• **YOUR ASSIGNMENT**:
Within the entries below, please return exactly the lines from the one with "Polsek Panggul memodifikasi" through the one with "3. In the Applications", leaving out any pictures.

• **DATASET EXCERPTS**:
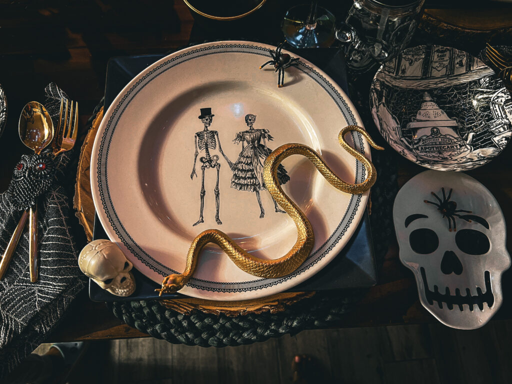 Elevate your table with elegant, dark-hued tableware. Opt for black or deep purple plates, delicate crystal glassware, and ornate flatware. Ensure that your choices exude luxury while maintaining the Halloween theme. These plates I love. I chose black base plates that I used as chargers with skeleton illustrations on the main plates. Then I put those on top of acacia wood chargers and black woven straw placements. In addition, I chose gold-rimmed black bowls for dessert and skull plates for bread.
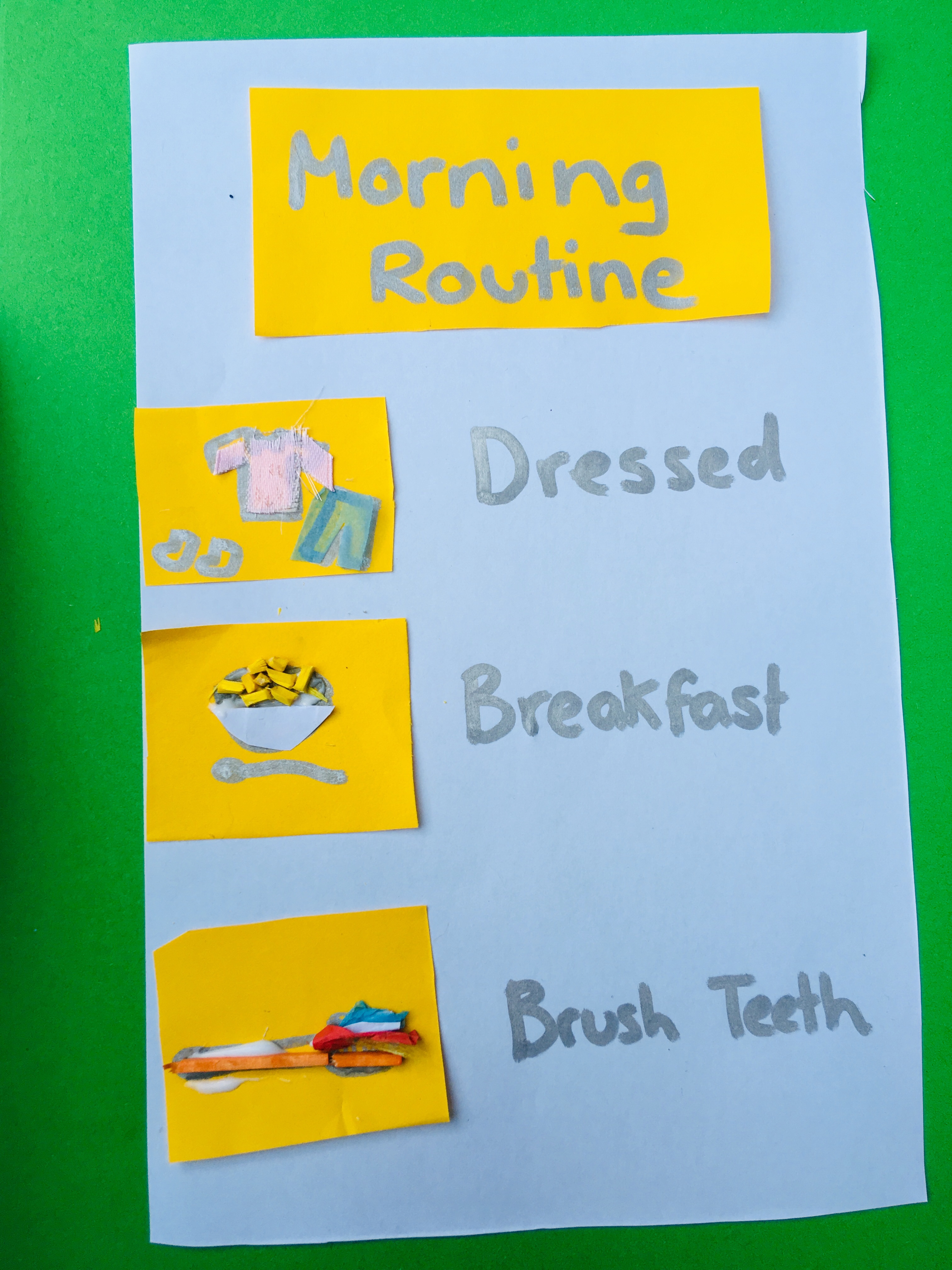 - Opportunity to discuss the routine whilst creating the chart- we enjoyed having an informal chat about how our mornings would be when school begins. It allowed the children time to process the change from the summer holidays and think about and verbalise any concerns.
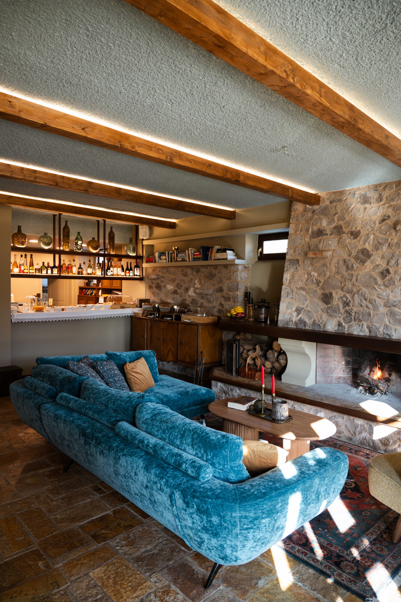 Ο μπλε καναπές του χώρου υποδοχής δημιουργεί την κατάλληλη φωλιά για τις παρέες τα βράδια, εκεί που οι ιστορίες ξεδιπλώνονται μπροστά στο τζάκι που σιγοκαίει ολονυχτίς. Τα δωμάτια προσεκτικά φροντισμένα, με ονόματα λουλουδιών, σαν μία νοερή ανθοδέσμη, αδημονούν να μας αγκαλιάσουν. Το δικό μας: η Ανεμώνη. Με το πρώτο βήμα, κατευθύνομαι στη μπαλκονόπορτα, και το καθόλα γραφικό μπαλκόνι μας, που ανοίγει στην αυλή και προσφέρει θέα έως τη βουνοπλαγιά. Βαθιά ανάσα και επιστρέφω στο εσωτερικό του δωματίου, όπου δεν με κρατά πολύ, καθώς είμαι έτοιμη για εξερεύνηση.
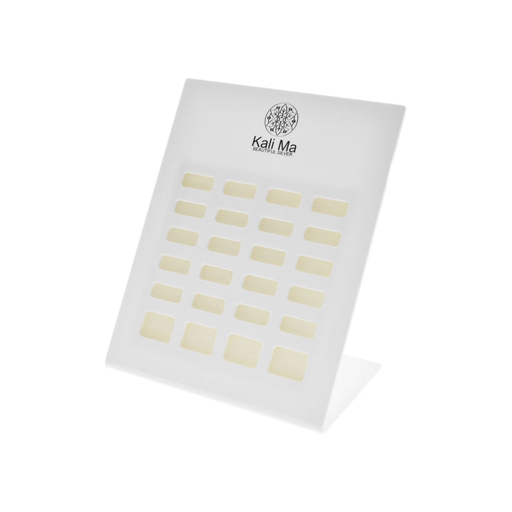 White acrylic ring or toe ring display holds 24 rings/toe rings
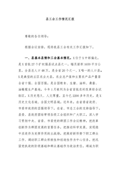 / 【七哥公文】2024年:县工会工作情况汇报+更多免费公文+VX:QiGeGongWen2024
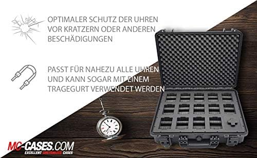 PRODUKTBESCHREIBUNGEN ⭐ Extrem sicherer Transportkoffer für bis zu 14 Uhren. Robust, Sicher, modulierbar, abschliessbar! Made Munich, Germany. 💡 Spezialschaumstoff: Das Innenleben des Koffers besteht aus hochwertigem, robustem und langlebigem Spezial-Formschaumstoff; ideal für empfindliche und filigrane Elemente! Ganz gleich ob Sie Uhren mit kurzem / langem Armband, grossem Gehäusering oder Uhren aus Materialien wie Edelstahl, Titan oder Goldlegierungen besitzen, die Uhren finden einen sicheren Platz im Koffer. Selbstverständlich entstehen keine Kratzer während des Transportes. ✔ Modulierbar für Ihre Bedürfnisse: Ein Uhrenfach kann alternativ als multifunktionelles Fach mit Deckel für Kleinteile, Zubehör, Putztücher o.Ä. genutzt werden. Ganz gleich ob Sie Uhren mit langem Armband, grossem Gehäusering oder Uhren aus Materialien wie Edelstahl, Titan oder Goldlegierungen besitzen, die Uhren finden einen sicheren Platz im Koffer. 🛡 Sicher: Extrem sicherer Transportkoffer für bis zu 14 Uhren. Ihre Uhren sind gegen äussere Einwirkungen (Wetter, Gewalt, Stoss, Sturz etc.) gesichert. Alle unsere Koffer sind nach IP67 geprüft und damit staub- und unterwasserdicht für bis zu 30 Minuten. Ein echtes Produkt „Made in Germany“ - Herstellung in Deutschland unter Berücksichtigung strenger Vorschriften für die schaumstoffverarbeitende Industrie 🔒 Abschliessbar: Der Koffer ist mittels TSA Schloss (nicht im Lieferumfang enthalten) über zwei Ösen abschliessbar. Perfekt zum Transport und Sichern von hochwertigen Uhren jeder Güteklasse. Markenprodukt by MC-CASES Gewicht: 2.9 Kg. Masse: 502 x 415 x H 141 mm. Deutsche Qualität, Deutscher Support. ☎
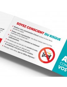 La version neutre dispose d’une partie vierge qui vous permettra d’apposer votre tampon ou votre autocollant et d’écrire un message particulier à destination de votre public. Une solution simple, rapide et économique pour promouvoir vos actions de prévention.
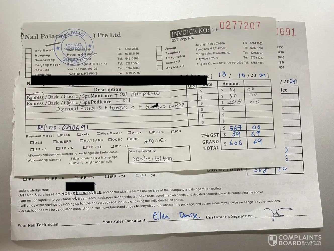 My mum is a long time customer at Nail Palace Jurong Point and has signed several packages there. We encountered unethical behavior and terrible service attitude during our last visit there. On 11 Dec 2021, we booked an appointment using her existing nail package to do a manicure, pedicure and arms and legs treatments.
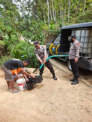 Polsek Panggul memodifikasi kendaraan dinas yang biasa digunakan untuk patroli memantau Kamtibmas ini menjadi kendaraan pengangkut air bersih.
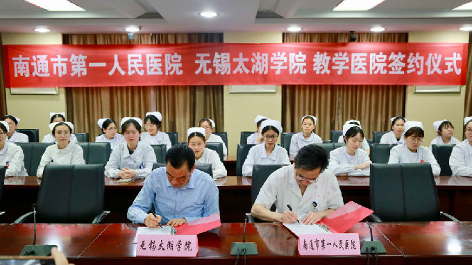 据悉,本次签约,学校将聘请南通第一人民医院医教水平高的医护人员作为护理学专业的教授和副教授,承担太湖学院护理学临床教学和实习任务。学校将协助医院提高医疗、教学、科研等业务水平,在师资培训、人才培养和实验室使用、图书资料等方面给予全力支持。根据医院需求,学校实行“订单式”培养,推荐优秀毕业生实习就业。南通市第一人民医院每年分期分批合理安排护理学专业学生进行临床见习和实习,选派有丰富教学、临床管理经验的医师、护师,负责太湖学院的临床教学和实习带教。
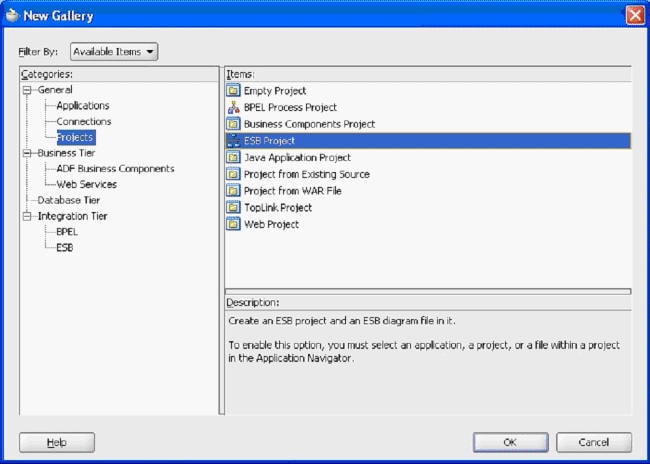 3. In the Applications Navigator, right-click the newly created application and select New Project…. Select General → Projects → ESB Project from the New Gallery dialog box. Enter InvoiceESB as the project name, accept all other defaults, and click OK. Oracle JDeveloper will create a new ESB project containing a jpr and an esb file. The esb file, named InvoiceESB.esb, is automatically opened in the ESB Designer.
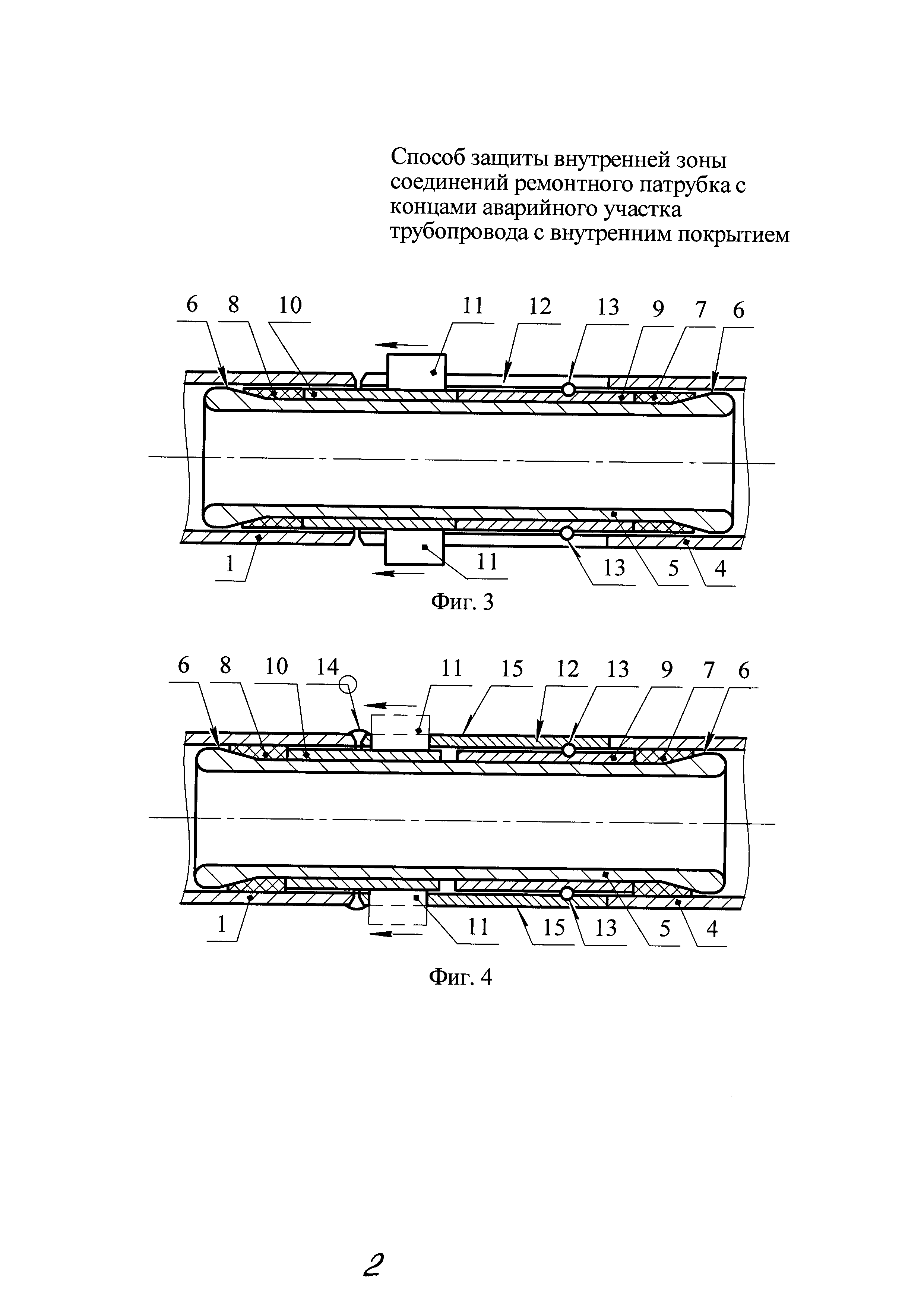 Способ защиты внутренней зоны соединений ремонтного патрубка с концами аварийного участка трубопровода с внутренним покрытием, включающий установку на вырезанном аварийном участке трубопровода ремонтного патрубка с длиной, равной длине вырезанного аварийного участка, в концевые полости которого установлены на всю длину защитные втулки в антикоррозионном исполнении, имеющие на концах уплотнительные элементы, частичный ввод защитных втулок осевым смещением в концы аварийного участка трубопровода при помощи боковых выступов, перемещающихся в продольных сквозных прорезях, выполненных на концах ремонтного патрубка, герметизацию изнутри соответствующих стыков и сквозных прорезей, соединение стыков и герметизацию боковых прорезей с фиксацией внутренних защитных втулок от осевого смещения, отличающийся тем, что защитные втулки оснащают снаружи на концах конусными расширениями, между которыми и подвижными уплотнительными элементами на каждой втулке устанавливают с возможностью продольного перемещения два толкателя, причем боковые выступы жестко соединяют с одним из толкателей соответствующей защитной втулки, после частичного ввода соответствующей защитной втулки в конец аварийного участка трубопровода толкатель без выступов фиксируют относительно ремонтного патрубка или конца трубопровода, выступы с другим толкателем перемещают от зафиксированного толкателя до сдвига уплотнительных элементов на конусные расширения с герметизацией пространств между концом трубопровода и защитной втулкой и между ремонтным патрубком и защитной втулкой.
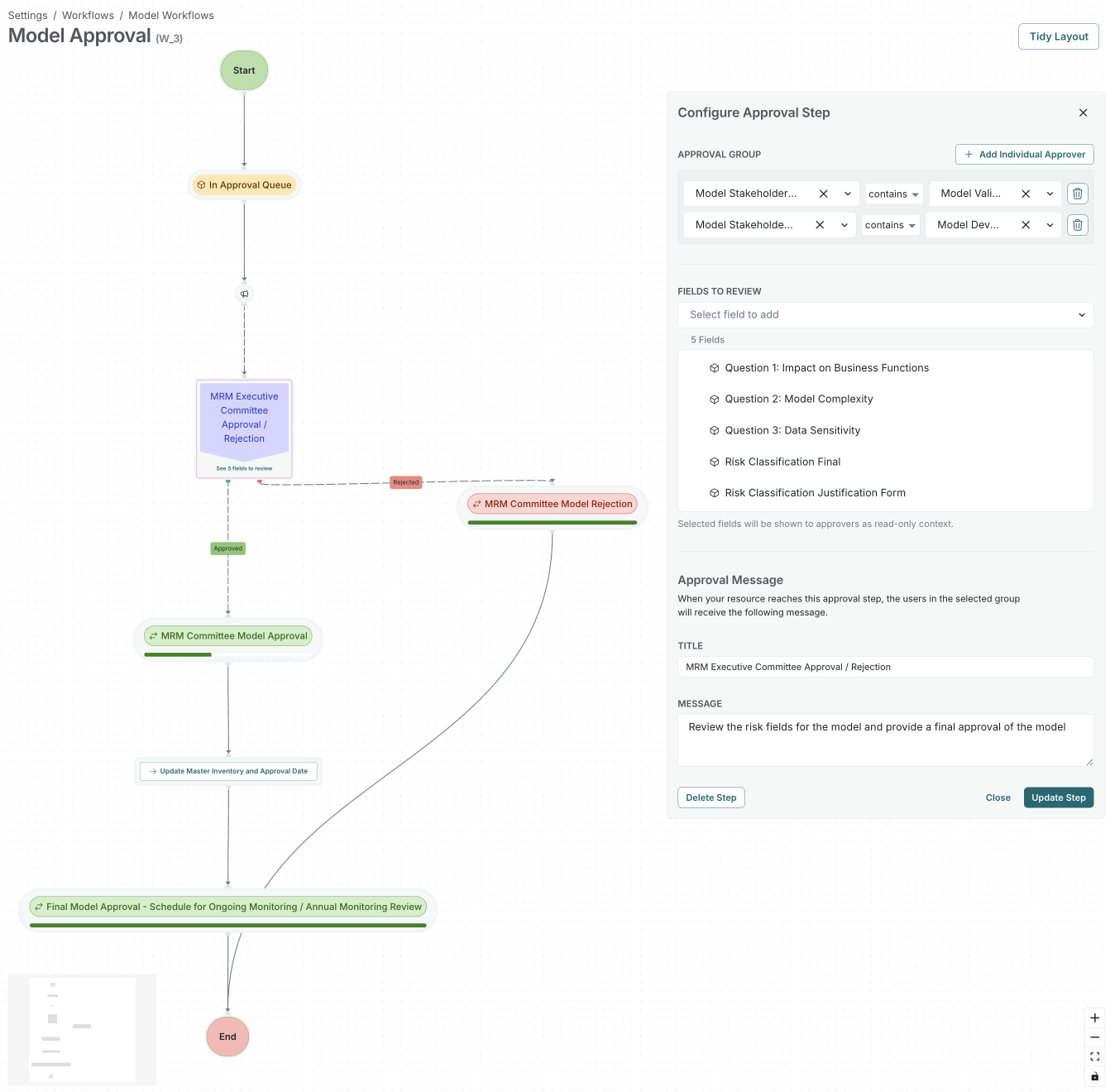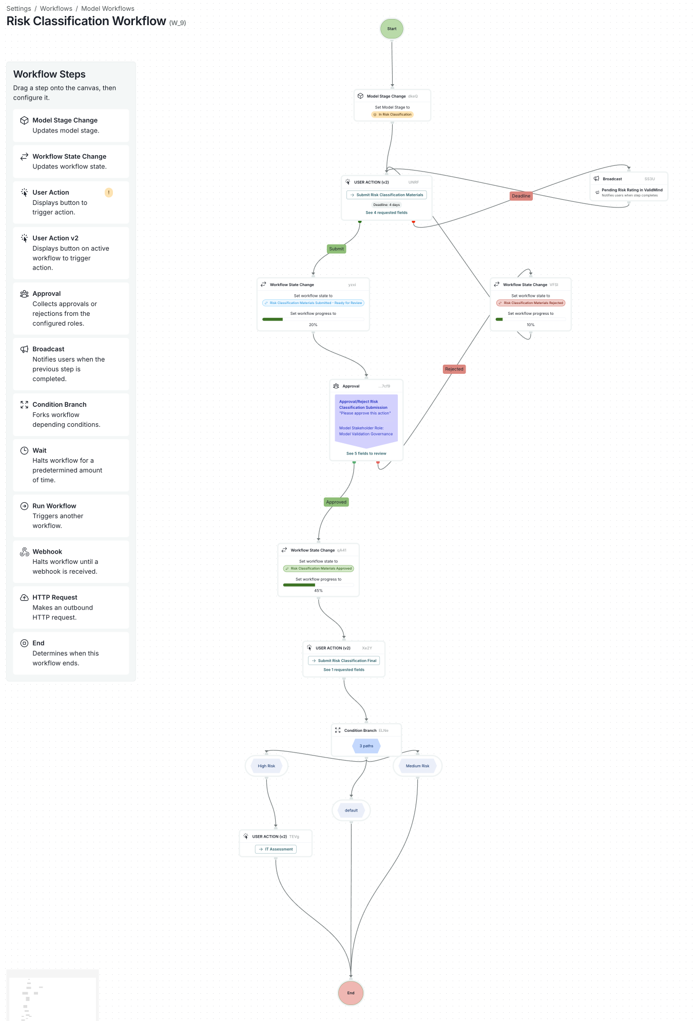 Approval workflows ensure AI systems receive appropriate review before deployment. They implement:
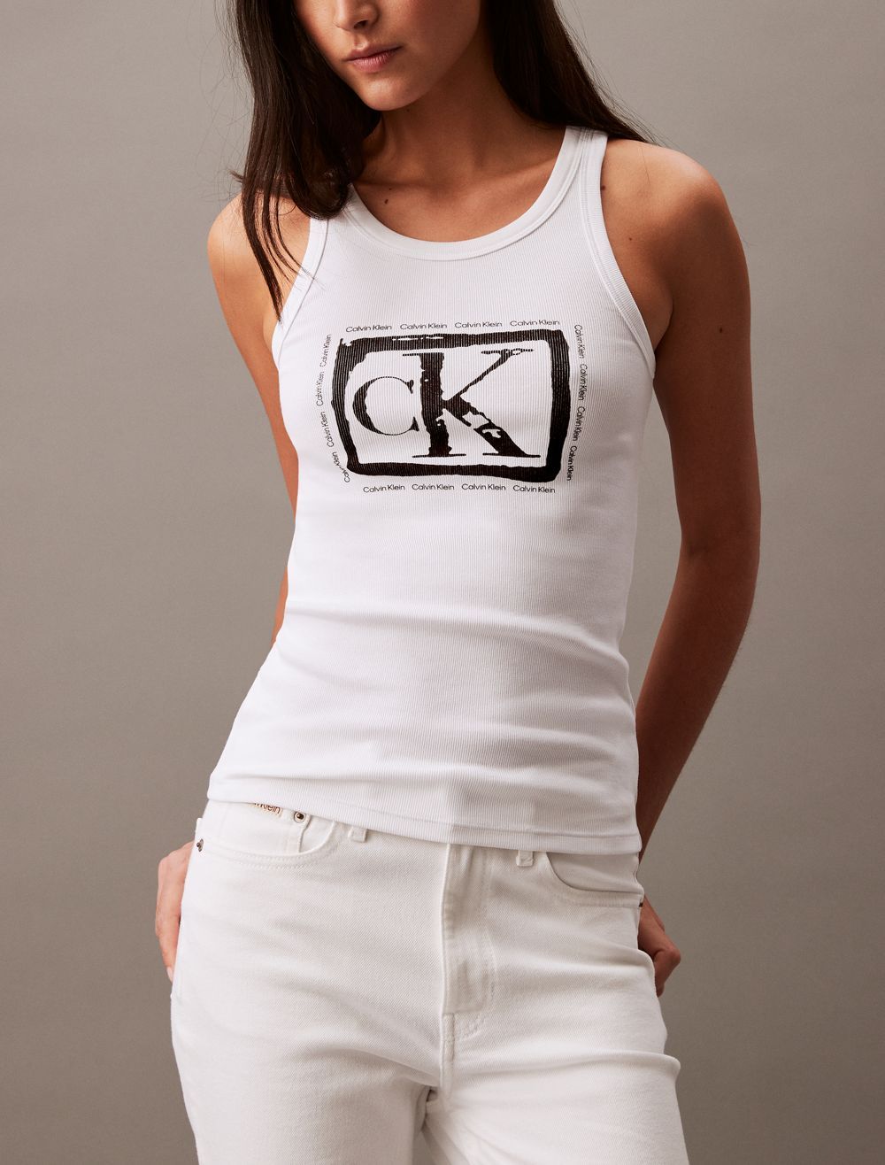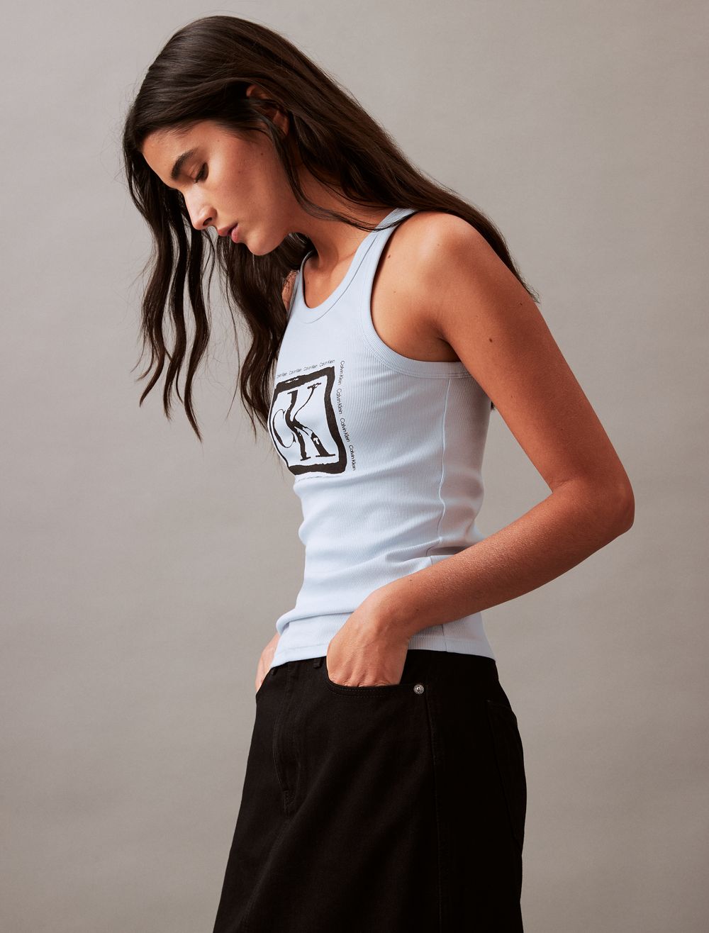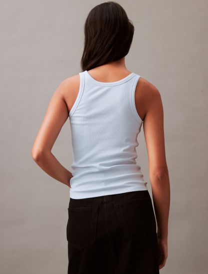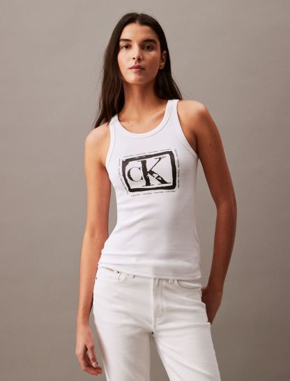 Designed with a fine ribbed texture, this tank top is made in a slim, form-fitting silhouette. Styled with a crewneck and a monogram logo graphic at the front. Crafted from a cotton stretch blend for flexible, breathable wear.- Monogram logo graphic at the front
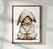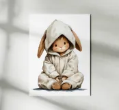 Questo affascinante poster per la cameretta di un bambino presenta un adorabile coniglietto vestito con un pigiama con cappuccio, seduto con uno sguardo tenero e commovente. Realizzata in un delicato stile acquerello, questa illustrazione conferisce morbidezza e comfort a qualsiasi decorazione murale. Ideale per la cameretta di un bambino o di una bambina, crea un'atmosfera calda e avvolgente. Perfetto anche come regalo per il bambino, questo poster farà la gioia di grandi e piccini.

• **RESPONSE FOR THIS EXERCISE**:
 Polsek Panggul memodifikasi kendaraan dinas yang biasa digunakan untuk patroli memantau Kamtibmas ini menjadi kendaraan pengangkut air bersih.
 据悉,本次签约,学校将聘请南通第一人民医院医教水平高的医护人员作为护理学专业的教授和副教授,承担太湖学院护理学临床教学和实习任务。学校将协助医院提高医疗、教学、科研等业务水平,在师资培训、人才培养和实验室使用、图书资料等方面给予全力支持。根据医院需求,学校实行“订单式”培养,推荐优秀毕业生实习就业。南通市第一人民医院每年分期分批合理安排护理学专业学生进行临床见习和实习,选派有丰富教学、临床管理经验的医师、护师,负责太湖学院的临床教学和实习带教。
 3. In the Applications Navigator, right-click the newly created application and select New Project…. Select General → Projects → ESB Project from the New Gallery dialog box. Enter InvoiceESB as the project name, accept all other defaults, and click OK. Oracle JDeveloper will create a new ESB project containing a jpr and an esb file. The esb file, named InvoiceESB.esb, is automatically opened in the ESB Designer.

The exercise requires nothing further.